Gestational time	Vapour concentration (mg/m³)
	0 (N=22)	126 (N=20)	249 (N=21)	480 (N=22)
Gestational body weight (g) [mean+/-SD]
Day 0	164.3+/-4.65	163.9+/-4.54	164.3+/-5.04	164.7+/-4.85
Day 6	179.5+/-4.70	178.3+/-5.48	180.2+/-6.53	180.0+/-5.13
Day 9	183.0+/-4.88	180.6+/-5.88	181.7+/-6.83	179.4+/-4.78
Day 12	192.1+/-4.86	189.1+/-6.65	190.9+/-5.96	187.0+/-5.33*
Day 15	202.6+/-5.58	198.4+/-7.89	200.0+/-6.90	196.0+/-5.81**
Day 21	243.1+/-13.81	242.5+/-16.19	244.8+/-13.92	238.2+/-12.86
Gestational body weight change (g) [mean+/-SD]
Days 0-6 (preexposure)	15.2+/-2.95	14.4+/-3.34	15.9+/-3.05	15.3+/-2.82
Days 6-15 (exposure period)	23.2+/-3.24	20.1+/-5.38	19.8+/-3.37*	16.1+/-4.23***
Days 15-21 (postexposure)	40.5+/-10.33	44.1+/-11.80	44.8+/-9.62	42.2+/-9.73
Days 0-21 (gestation)	78.8+/-12.59	78.6+/-14.90	80.5+/-11.59	73.5+/-13.03
Days 6-9	3.5+/-2.26	2.3+/-2.84	1.5+/-2.46*	-0.6+/-1.59***
Days 9-12	9.1+/-2.38	8.5+/-2.55	9.2+/-1.74	7.5+/-2.03
Days 12-15	10.6+/-2.26	9.3+/-4.41	9.1+/-2.01	9.1+/-2.24

* P<0.05, ** P<0.01, *** P<0.001 (compared to controls).

Applicant's summary and conclusion

Conclusions:

The NOAEL of the test substance regarding maternal toxicity is 126 mg/m³ (20.8 ppm).

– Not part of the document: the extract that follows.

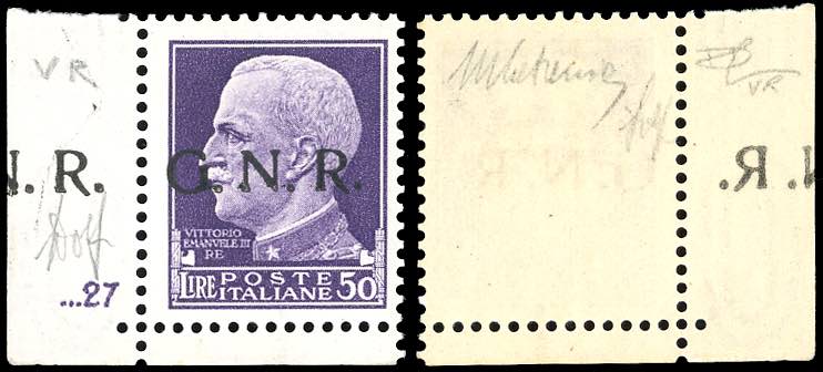1944 - 50 lire soprastampa di Verona, angolo di foglio con soprastampa ripetuta, decalco della soprastampa solo sul bordo e numero di cilindro (489kb), gomma originale integra, perfetto. Raro. Cert. Carraro e Wolf.
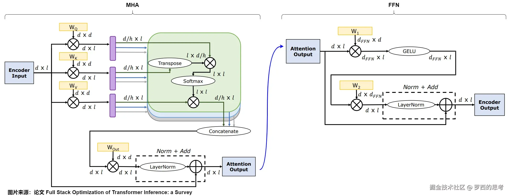Transformer模型由 l 个相同的层组成,每个层主要分为两部分:MHA和FFN。因为多头只是逻辑上切分,物理上没有增加模块,因此后续讨论中省略多头(某些论文中如果讨论多头相关,我们会以论文为准),而又因为Decoder only模型使用的是自注意力,因此接下来我们认为 Q、K、V、O的维度相等。

The NOAEL of the test substance regarding teratogenicity is >= 480 mg/m³ (79.2 ppm).

Executive summary:

The study is comparable to OECD Guideline 414 with acceptable restrictions (partly limited documentation, inhalation of test substance instead of oral application).

Timed pregnant Fischer 344 rats (20 -22 per group were exposed to vapours of the test substance at 126, 2 49 mg/m³ (20.8, 41.1 and 79.2 ppm) on days 6 -15 of gestation. The rats were sacrificed at gestation day 21. Maternal toxicity, as shown by transient decrease in gestational body weight gain, was observed at 249 and 480 mg/m³ only during the exposure period. There were no treatment-related effects with respect to haematology, necropsy, gestational parameters, malformations, or variations. It was concluded that exposure to vapour of the test substance resulted in maternal toxicity, but there is no evidence for developmental toxicity or teratogenicity of the test substance.

Conclusion: The NOAEL of the test substance regarding maternal toxicity is 126 mg/m³ (20.8 ppm). The NOAEL of the test substance regarding teratogenicity is >= 480 mg/m³ (79.2 ppm).